More importantly, working-class and other non-college people value thinking as much as college grads.  This should be obvious, but in any case I make this generalization on the basis of decades of teaching mixed-class courses in public university. The future’s parallel university is going to center on offering the non-market, intellectual benefits of university and not the job training.

 

Quantity has always eclipsed intellectual quality in mass higher education. Massification entered a new phase around the turn of the century, when a critical mass of politicians and business people,  with a lot of help from the right, began to doubt that a generic BA degree added much value to the economy or society.
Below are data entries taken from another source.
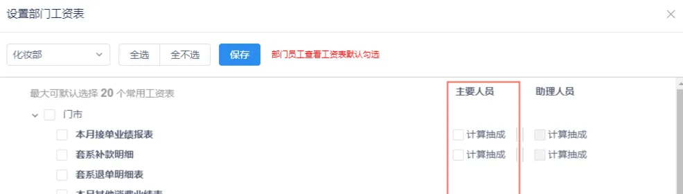 博诚云管理系统中有为企业用户提供工资表,工资表中有提供很多的表格方式,企业用户可以根据自身需求勾选即可显示相应的表格以此来作为工资抽成参考,那么如果需要设置工资抽成的话要如何设置呢?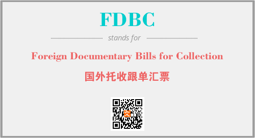 英文缩略词“FDBC”经常作为“Foreign Documentary Bills for Collection”的英文缩写来使用,中文表示:“国外托收跟单汇票”。本文将详细介绍英文缩写词FDBC所代表英文单词,其对应的中文拼音、详细解释以及在英语中的流行度。此外,还有关于缩略词FDBC的分类、应用领域及相关应用示例等。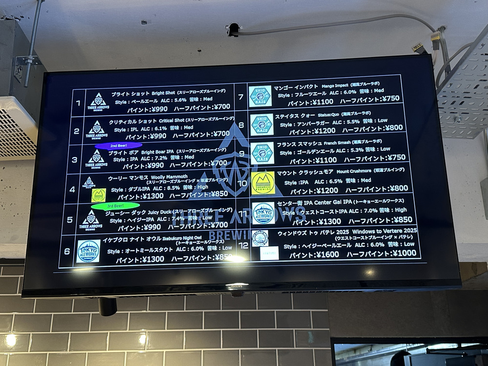 クラフトビールのお店に行ったことがある方なら誰でも一度は面食らうのが英語表記のドリンクメニュー。通常であれば何を頼んで良いのか分からなくなるところですが、スリーアローズブルーイングのメニューはなんとカタカナ表記。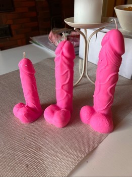 3 pcs candles sold as a set. Color dark pink. RRP over €30, cheap because I myself cannot bring myself to burn or display them in a household with children. In storage there may have been some small marks but otherwise clean and intact condition.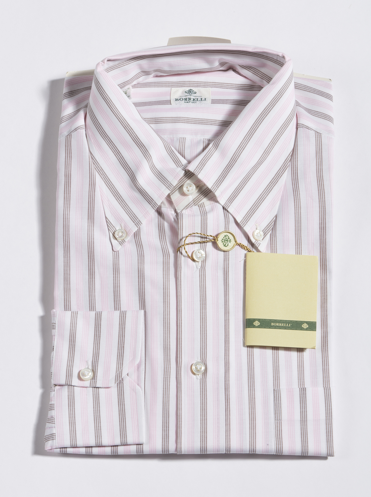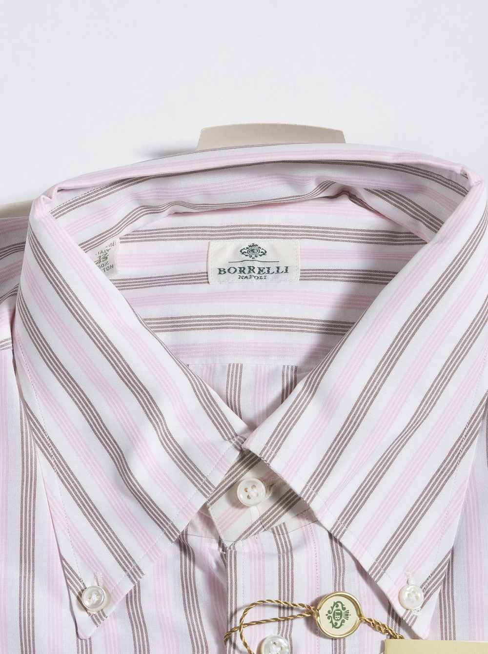 BORRELLI Camicia a righe. . . Camicia a righe bianche , rosa e marroni con maniche lunghe. Composizione: 100% cotone; taglia 17/43

Arnold Schwarzenegger’s multi-year cuts (2003-05) operationalized a disdain for egalitarian quality. That was twenty years ago, but UCOP has never developed the educational theory to unearth the roots of permanent austerity.

 

The Canadian higher ed analyst Alex Usher recently explained that international higher education has never developed a sustaining justification for quality massification.   First, “We increased access but allowed the already-privileged to hold on to their near-monopoly at the top.” This creates a pervasive link between universities, economic inequality, and mass mediocrity. 

 

Second, “there are huge swathes of the population that deeply resent the idea that they need to spend more time in school in order to enjoy a middle-class life. . . . [A] lot of the social polarization and populism comes down, I think, to the belief that the front-of-the-class kids, the swots, whatever you want to call them (us), have monopolized good jobs.” I’d add that job training is precisely what non-college people do not want from colleges: they rightly see it as overpriced overkill if you’re just trying to get a job.

 

Third, “from the perspective of government, once higher education becomes something that is nearly universal, why should it be treated differently from secondary schools?”

 

In reality there is an evident answer to that last question that admin refuses to provide. Universities create cognitive gain, public knowledge, and social self-understanding on a mass scale. Our ancestors used to bundle these elements as “education for democracy.”  It is the best way yet devised, in tandem with social movements and other institutions, of getting a whole population in position to solve complex and frightening problems without today’s elevated levels of fear, revulsion, and violence. Universities are the main systemic developer of the capacity to go a little deeper – on a mass scale.

 

The parallel or shadow university will need its separate governing structure.  And it will also be able to grow on the basis of now-hidden intellectual missions that, I believe, will enjoy mass popularity that job training does not.

 

In the meantime, please say in any format you can what is happening to you.  We need an outpouring of tales from the front.